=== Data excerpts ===
------------------------------------

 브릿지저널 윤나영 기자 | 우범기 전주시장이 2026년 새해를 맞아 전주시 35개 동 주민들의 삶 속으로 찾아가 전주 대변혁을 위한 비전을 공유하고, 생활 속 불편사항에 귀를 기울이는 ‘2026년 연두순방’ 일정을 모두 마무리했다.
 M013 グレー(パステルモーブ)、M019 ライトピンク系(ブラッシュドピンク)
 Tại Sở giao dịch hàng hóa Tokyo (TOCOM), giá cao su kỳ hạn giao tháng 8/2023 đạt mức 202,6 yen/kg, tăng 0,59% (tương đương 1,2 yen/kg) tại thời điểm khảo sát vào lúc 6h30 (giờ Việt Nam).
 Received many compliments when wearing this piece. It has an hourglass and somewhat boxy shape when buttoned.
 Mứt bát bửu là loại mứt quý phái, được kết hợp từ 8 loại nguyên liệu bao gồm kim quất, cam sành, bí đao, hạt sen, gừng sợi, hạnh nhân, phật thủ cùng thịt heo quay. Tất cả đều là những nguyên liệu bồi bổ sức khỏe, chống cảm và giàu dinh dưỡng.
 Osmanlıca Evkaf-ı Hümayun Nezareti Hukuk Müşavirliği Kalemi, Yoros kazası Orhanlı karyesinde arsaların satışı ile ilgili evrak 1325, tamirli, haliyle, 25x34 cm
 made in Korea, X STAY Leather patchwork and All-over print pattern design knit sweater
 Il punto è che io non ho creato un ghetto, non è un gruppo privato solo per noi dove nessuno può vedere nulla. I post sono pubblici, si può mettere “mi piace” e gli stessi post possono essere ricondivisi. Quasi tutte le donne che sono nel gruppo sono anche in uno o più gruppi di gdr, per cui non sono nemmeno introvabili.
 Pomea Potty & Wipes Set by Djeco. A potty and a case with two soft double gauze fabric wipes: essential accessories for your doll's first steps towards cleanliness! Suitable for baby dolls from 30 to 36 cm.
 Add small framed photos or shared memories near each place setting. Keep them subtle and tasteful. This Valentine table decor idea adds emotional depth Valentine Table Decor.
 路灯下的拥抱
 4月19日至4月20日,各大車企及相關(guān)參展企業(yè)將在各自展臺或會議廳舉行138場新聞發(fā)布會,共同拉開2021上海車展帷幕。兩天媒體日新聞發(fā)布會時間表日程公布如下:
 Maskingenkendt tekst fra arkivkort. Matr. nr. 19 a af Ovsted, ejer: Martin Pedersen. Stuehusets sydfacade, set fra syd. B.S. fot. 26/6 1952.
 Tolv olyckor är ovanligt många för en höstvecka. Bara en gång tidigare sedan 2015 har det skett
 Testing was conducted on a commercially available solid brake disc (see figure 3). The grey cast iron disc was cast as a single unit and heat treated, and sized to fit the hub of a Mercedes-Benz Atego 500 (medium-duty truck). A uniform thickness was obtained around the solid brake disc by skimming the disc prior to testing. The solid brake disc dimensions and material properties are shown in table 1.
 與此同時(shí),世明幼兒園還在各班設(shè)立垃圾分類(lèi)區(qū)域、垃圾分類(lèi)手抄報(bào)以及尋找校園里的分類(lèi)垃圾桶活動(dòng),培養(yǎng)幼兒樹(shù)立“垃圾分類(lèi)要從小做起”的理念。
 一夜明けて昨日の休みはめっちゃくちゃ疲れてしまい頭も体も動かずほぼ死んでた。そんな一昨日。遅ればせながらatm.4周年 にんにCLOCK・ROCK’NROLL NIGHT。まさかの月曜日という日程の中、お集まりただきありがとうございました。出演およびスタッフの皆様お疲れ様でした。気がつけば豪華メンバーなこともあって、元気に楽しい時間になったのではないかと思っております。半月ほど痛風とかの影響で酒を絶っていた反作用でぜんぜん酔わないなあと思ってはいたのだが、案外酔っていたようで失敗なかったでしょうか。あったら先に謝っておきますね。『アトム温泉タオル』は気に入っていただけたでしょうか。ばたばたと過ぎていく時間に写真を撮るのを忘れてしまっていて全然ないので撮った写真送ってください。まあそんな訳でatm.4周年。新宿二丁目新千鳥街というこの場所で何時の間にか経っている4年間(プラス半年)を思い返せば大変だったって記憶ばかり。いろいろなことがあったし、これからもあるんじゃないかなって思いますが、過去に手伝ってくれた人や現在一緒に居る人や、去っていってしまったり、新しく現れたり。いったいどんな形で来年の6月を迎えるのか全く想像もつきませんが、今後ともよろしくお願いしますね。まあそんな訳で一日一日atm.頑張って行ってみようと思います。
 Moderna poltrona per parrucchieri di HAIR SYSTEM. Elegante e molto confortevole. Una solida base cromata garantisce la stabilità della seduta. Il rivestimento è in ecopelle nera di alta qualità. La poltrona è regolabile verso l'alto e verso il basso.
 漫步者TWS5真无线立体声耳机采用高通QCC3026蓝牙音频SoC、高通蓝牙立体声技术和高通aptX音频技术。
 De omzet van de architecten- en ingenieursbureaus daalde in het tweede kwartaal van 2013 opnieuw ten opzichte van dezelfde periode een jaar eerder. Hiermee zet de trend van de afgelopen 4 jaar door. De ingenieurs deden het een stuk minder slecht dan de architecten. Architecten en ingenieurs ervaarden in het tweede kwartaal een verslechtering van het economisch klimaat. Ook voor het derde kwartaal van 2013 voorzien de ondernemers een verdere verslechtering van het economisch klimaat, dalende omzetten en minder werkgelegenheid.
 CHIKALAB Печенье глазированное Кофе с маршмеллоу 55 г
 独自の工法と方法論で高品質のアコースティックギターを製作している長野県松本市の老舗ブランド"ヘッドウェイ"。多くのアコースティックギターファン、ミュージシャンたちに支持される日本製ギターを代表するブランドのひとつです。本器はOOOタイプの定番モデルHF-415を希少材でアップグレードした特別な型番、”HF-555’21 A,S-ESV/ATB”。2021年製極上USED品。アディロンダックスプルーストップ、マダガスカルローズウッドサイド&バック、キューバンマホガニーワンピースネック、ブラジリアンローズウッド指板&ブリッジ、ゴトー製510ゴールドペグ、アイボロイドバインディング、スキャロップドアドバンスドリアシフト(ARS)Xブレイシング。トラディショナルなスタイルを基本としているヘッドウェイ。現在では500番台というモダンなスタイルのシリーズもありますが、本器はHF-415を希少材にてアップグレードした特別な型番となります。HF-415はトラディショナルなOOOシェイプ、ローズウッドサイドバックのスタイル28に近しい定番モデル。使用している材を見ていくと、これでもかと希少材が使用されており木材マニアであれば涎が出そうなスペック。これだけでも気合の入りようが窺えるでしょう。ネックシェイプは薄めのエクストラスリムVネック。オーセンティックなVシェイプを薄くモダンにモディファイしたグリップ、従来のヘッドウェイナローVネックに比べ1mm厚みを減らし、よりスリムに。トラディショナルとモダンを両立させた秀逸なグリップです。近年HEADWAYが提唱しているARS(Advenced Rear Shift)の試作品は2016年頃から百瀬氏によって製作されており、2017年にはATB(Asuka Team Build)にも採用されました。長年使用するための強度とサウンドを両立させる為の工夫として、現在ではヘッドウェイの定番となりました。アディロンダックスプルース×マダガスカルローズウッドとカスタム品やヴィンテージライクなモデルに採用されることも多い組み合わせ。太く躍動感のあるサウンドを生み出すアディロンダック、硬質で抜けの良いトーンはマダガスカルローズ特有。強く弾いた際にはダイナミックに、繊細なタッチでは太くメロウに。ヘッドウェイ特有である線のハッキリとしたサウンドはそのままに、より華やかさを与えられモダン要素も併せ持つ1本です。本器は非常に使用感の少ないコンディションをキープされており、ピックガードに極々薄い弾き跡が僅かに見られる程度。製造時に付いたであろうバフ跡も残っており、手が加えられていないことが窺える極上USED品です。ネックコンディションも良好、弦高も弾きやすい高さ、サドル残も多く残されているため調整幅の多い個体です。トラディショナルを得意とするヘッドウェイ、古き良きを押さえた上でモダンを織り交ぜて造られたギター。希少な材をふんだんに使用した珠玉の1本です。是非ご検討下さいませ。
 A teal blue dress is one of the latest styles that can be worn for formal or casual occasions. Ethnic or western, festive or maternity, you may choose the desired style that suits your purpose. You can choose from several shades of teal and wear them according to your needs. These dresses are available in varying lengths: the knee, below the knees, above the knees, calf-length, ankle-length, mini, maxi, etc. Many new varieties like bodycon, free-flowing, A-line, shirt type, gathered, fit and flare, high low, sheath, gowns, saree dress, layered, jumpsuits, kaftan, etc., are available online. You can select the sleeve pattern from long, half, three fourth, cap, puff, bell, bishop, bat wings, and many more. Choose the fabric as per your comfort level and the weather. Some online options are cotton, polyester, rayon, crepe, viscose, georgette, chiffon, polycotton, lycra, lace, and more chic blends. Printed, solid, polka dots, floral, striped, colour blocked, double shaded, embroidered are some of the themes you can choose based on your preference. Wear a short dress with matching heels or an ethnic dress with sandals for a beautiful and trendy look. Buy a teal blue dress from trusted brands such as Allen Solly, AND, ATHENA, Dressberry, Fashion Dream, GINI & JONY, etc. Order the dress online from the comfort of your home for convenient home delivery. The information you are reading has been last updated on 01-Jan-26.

------------------------------------

=== PROBLEM DETAILS ===
Looking back over the data above, restate word for word the lines that begin at the line with "Tolv olyckor är" and end at the line with "與此同時(shí),世明幼兒", inclusive.

=== RESPONSE TO THE TASK ===
 Tolv olyckor är ovanligt många för en höstvecka. Bara en gång tidigare sedan 2015 har det skett
 Testing was conducted on a commercially available solid brake disc (see figure 3). The grey cast iron disc was cast as a single unit and heat treated, and sized to fit the hub of a Mercedes-Benz Atego 500 (medium-duty truck). A uniform thickness was obtained around the solid brake disc by skimming the disc prior to testing. The solid brake disc dimensions and material properties are shown in table 1.
 與此同時(shí),世明幼兒園還在各班設(shè)立垃圾分類(lèi)區(qū)域、垃圾分類(lèi)手抄報(bào)以及尋找校園里的分類(lèi)垃圾桶活動(dòng),培養(yǎng)幼兒樹(shù)立“垃圾分類(lèi)要從小做起”的理念。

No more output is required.